Work order: Only the lines from the one containing "Zámecké nádvoří plné lidí a pohody." through the end of the entries are wanted, retyped exactly and without pictures.

Items from a dataset:

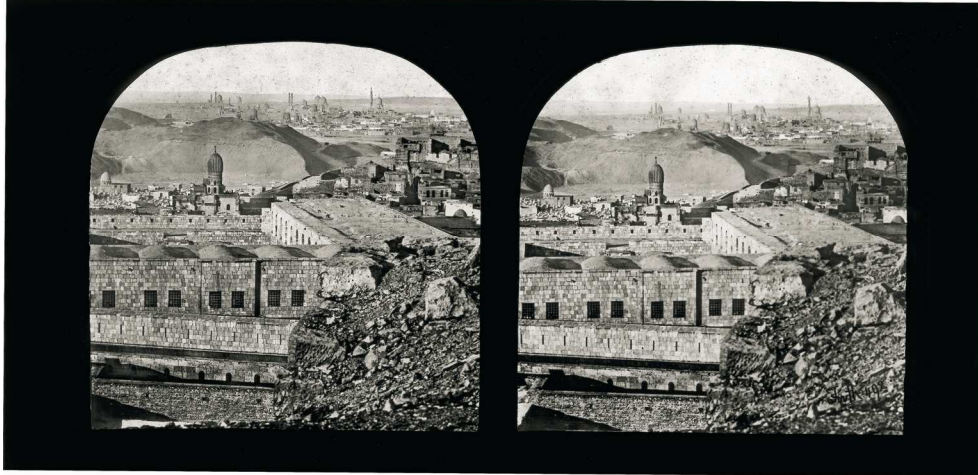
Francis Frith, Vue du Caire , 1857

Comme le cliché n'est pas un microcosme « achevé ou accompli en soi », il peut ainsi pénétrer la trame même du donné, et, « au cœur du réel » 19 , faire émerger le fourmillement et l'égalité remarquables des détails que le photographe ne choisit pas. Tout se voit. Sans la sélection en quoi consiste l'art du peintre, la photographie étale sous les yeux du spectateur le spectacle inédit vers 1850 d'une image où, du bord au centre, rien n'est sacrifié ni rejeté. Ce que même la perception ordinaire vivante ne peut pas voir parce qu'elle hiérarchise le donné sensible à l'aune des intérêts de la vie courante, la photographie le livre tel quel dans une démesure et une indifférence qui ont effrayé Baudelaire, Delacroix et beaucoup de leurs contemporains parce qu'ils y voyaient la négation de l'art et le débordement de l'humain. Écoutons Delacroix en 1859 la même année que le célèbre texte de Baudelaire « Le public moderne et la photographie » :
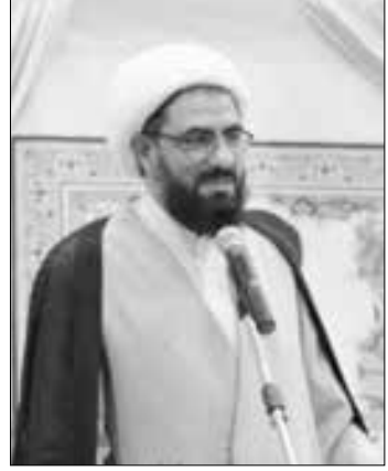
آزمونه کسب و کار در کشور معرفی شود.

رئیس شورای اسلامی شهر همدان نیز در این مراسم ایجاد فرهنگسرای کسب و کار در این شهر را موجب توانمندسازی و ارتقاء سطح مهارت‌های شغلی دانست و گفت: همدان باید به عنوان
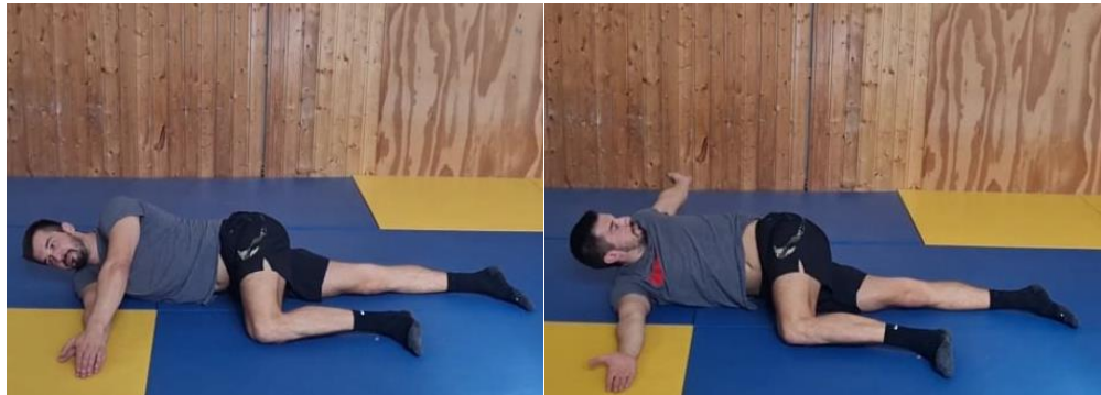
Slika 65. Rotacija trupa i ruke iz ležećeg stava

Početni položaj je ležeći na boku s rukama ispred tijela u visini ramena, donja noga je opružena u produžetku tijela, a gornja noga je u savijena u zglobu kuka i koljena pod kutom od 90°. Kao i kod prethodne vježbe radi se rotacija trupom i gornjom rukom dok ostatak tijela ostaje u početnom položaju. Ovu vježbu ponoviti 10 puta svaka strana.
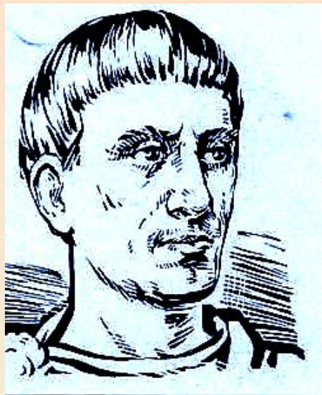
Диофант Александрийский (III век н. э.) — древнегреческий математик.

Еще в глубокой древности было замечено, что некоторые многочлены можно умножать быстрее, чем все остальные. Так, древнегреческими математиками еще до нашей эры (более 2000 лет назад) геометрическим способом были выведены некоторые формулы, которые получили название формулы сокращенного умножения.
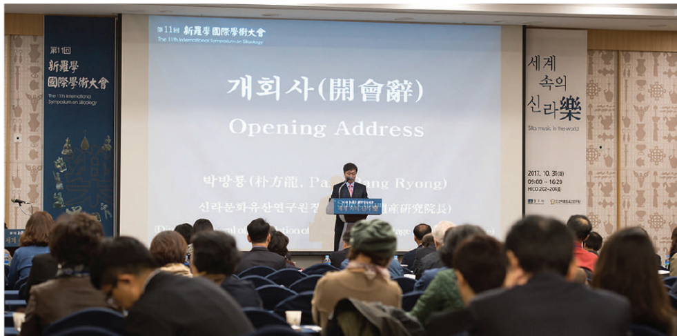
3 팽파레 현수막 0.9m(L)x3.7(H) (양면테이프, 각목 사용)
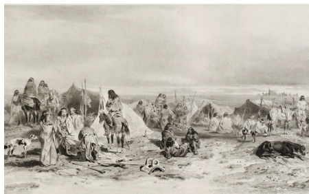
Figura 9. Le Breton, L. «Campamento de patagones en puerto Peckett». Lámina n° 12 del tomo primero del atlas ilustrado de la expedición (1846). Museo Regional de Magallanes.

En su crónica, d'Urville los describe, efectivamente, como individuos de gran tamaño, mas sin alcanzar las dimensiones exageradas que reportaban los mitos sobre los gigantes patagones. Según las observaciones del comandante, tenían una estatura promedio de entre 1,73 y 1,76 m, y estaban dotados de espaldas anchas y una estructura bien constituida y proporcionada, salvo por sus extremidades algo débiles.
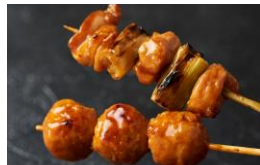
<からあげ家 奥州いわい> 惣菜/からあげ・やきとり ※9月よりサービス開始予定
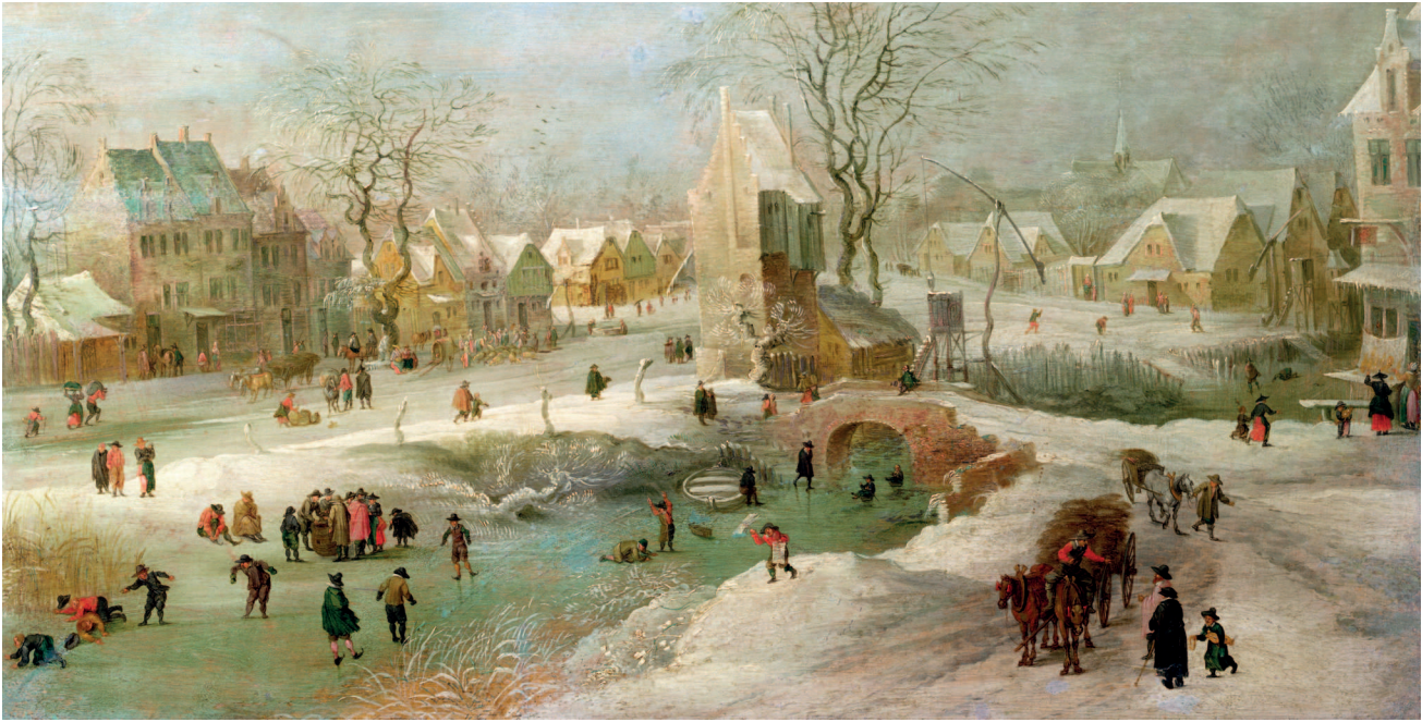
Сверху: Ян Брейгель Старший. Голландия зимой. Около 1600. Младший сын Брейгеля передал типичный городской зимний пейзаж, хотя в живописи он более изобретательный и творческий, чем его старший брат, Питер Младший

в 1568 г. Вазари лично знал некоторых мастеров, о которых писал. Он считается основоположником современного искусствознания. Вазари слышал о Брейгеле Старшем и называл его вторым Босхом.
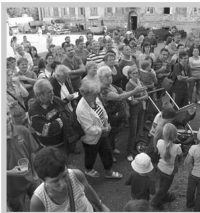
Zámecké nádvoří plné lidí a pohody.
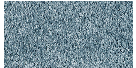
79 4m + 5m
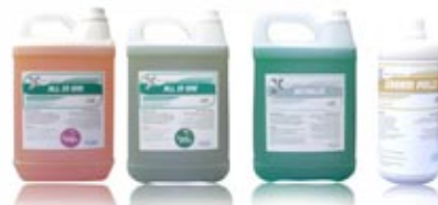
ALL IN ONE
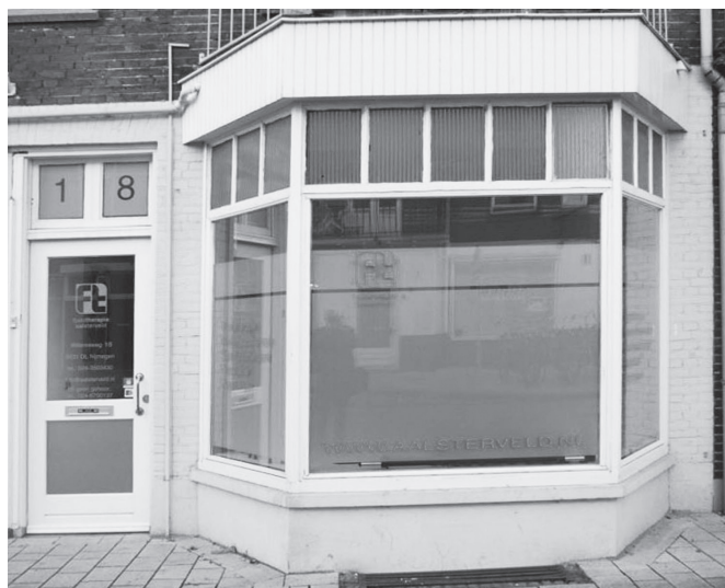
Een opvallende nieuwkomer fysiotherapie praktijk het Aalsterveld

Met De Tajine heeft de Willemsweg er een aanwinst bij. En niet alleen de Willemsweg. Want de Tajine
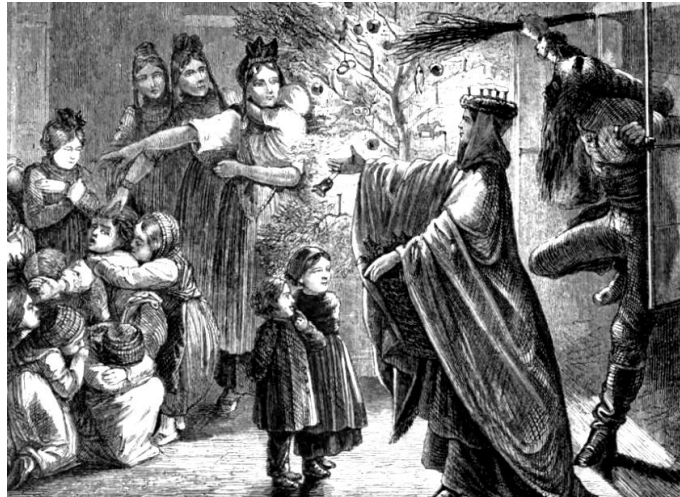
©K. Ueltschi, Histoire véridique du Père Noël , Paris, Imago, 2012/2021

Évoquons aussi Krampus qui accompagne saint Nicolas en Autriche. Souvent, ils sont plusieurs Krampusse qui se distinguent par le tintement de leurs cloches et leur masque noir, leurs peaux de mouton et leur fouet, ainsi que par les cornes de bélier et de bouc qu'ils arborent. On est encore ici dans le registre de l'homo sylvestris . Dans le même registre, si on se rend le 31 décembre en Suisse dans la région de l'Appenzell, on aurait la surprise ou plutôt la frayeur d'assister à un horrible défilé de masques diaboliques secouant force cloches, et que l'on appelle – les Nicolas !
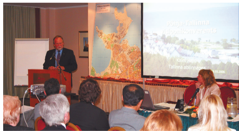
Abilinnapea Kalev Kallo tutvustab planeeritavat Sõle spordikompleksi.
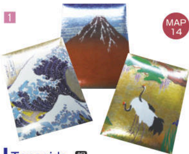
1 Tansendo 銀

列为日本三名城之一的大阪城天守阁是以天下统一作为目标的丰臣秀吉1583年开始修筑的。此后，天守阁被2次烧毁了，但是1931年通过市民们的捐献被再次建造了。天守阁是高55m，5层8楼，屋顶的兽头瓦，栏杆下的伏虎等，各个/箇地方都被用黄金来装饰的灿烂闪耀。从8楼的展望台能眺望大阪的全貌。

Answer space:
Zámecké nádvoří plné lidí a pohody.
79 4m + 5m
ALL IN ONE
Een opvallende nieuwkomer fysiotherapie praktijk het Aalsterveld

Met De Tajine heeft de Willemsweg er een aanwinst bij. En niet alleen de Willemsweg. Want de Tajine
©K. Ueltschi, Histoire véridique du Père Noël , Paris, Imago, 2012/2021

Évoquons aussi Krampus qui accompagne saint Nicolas en Autriche. Souvent, ils sont plusieurs Krampusse qui se distinguent par le tintement de leurs cloches et leur masque noir, leurs peaux de mouton et leur fouet, ainsi que par les cornes de bélier et de bouc qu'ils arborent. On est encore ici dans le registre de l'homo sylvestris . Dans le même registre, si on se rend le 31 décembre en Suisse dans la région de l'Appenzell, on aurait la surprise ou plutôt la frayeur d'assister à un horrible défilé de masques diaboliques secouant force cloches, et que l'on appelle – les Nicolas !
Abilinnapea Kalev Kallo tutvustab planeeritavat Sõle spordikompleksi.
1 Tansendo 銀

列为日本三名城之一的大阪城天守阁是以天下统一作为目标的丰臣秀吉1583年开始修筑的。此后，天守阁被2次烧毁了，但是1931年通过市民们的捐献被再次建造了。天守阁是高55m，5层8楼，屋顶的兽头瓦，栏杆下的伏虎等，各个/箇地方都被用黄金来装饰的灿烂闪耀。从8楼的展望台能眺望大阪的全貌。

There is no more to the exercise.